About Me

I am a native New Yorker and a Catholic Christian. 

I received a BA from Fordham University, with a double major in medieval history and in the history of art.  

In graduate school I focused primarily on questions of patronage in the art of the 16th and 17th centuries, especially as it relates to issues that developed as a consequence of the Reformation, including the resulting 16th-century wars of religion and the Catholic Counter-Reformation.  My area of specialization was, therefore, the late Renaissance and Baroque periods in Western Europe, primarily the art of Italy, France and Spain and secondarily in the art of the Low Countries, Germany and England.  However, I also studied in depth the art of the Middle Ages, the Renaissance and the nineteenth century. 

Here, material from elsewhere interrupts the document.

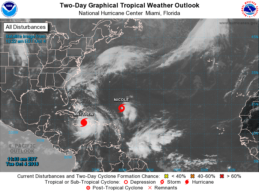 TROPICAL STORM NICOLA HAS POPPED UP TO JOIN HURRICANE MATTHEW, THOUGH SHE SEEMS TO BE STAYING OUT TO SEA, AT THE MOMENT :)
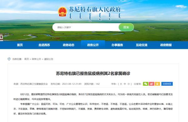 据内蒙古锡林郭勒盟苏尼特右旗政府网站消息,8月12日,锡林郭勒盟苏尼特右旗报告2例鼠疫确诊病例,系8月7日报告鼠疫病例的丈夫和女儿,均为同一家庭共同居住人员。密切接触者均已按要求及时进行隔离管控,均未出现异常情况。

I worked briefly in the education department of the Cloisters division of the Metropolitan Museum of Art and taught undergraduate courses at NYU Washington Square and at Adelphi University on Long Island.  In addition, I worked as a researcher for several years in a major commercial New York art gallery.  I am currently a volunteer staff member of the Visitor Services department at the Metropolitan Museum of Art where I answer questions from the public about the museum and its collections and about art in general.  These range from the simple "Where's the restroom?" to the complex "What is the location of the painting for which the preparatory drawing now on display was used?"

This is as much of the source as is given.